Опасная тема «народа» впервые явилась во всей этой истории в виде доноса императору, подписанного «граф Ростопчин и москвичи», того самого, что обвинил Сперанского в попытке «побудить народ произнести великое и страшное требование». Да еще, пожалуй, в шутливой записке самого Сперанского императору, где он перечислял все приписываемые ему грехи: «В течение одного года я попеременно был мартинистом, поборником масонства, защитником вольности, гонителем рабства...»
Если, однако, серьезно предположить, что его конституционная реформа действительно была лишь обходным маневром для постепенного уничтожения пропасти между двумя Россиями. то в слухах этих и впрямь что-то было. Во всяком случае они дают нам возможность заглянуть в подсознание, если угодно, провинциального дворянина, где соревновались между собою патерналистская уверенность в своём праве быть народу «отцом и судьей» и традиционный ужас перед его «великим и страшным требованием». В конце концов, если верить Миронову, «практически на каждого помещика хотя бы раз в его жизни нападали крестьяне».

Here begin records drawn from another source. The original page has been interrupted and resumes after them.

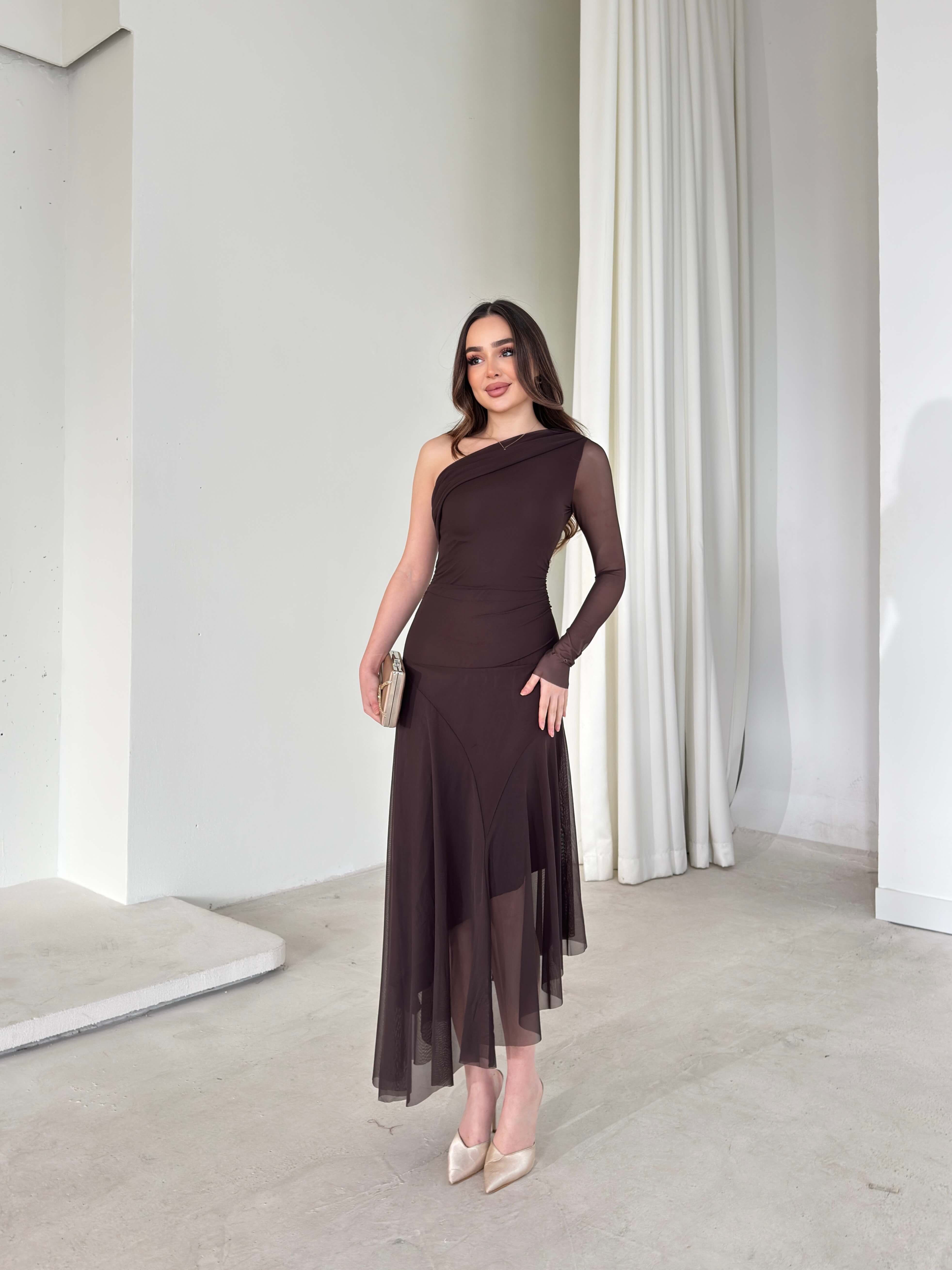 Asimetrik Kesim Tek Kol Tül Lirve Kahve Kadın Elbise 26Y040 (26Y040)
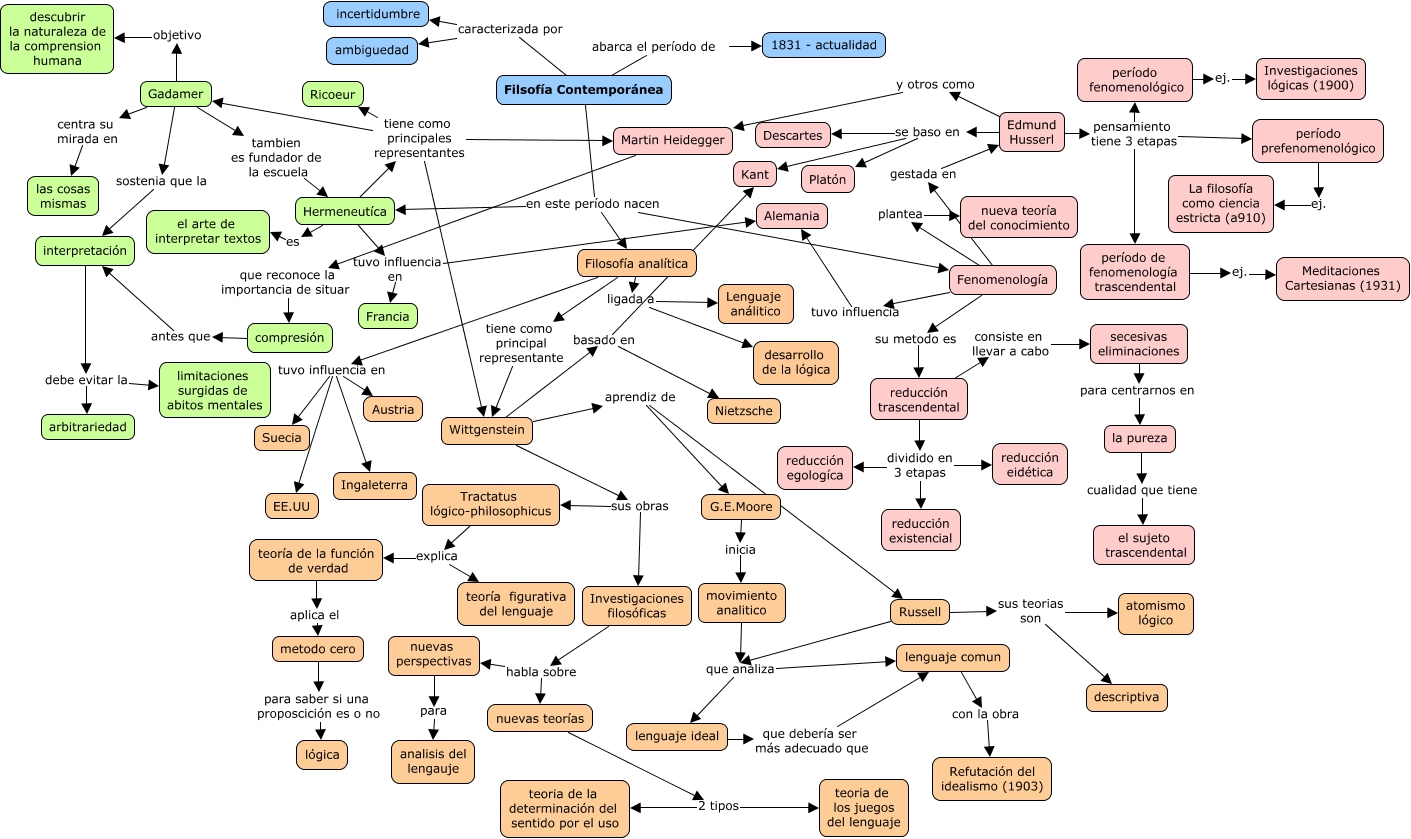 Este Cmap, tiene información relacionada con: Filosofía Mapa Conecp, Filsofía Contemporánea en este período nacen Hermeneutíca, Wittgenstein sus obras Tractatus lógico-philosophicus, Hermeneutíca tuvo influencia en Alemania, Hermeneutíca tiene como principales representantes Ricoeur, reducción trascendental dividido en 3 etapas reducción egologíca, período de fenomenología trascendental ej. Meditaciones Cartesianas (1931), Fenomenología gestada en Edmund Husserl, reducción trascendental consiste en llevar a cabo secesivas eliminaciones, Gadamer sostenia que la interpretación, Edmund Husserl pensamiento tiene 3 etapas período prefenomenológico, Wittgenstein basado en Nietzsche, lenguaje ideal que debería ser más adecuado que lenguaje comun, reducción trascendental dividido en 3 etapas reducción existencial, Fenomenología su metodo es reducción trascendental, Gadamer objetivo descubrir la naturaleza de la comprension humana, Filsofía Contemporánea caracterizada por ambiguedad, Martin Heidegger que reconoce la importancia de situar compresión, movimiento analitico que analiza lenguaje ideal, la pureza cualidad que tiene el sujeto trascendental, Investigaciones filosóficas habla sobre nuevas teorías
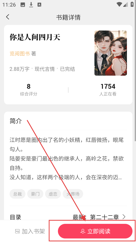 4、进入书籍详情页后,点击【立即阅读】,可进入小说阅读页面,开始阅读啦。

Патернализм, естественно, требовалось всемерно пропагандировать, а страх тщательно скрывать. В сознание прорывался он разве что в ситуации экстремальной. Вспомним хотя бы донос Ростопчина или паническую запись в дневнике Варвары Бакуниной.
На самом деле народ и понятия не имел, что весь этот скандал с неудавшейся конституционной реформой вообще имел к нему какое бы то ни было отношение. Самодержавие, прав А. Н. Боханов, по-прежнему оставалось для него понятием сакральным, грамоты он не знал и о правовом порядке имел такое же представление, как об астрономии. В конце концов, все эти скандалы происходили в чужой для него петербургской России, а он-то по-прежнему жил в московитской.
Важно понять, однако, что жил он в ней не по собственному осознанному выбору в пользу именно такой, рабской жизни. Огромные ресурсы московитского просвещения брошены были на то, чтобы он никогда и не заподозрил самого существования выбора. Разумеется, этого фундаментального обстоятельства «восстановители баланса» не упоминают вообще. На самом деле, однако, прав был и Радищев: народ не столько жил (в том, во всяком случае смысле, в каком это понималось в XIX веке), сколько выживал. Родился, крестился, работал в поте лица на чужого дядю, женился (если, конечно, не попадал в рекруты) и умирал — не оставив детям ни мысли о счастье, ни нажитого добра, ни надежды на то, что их жизнь станет когда-нибудь лучше, чем его собственная.
И что бы ни говорил Б. Н. Миронов о крепостничестве как об «органической и необходимой составляющей российской действительности», едва ли пожелал бы он своим близким участи, при которой их можно было сечь на конюшне и продавать как скот. При которой всё, что у них было, включая их собственных детей, принадлежало другим. В этом смысле даже император Александр оказался, как мы видели, единомышленником диссидента Радищева.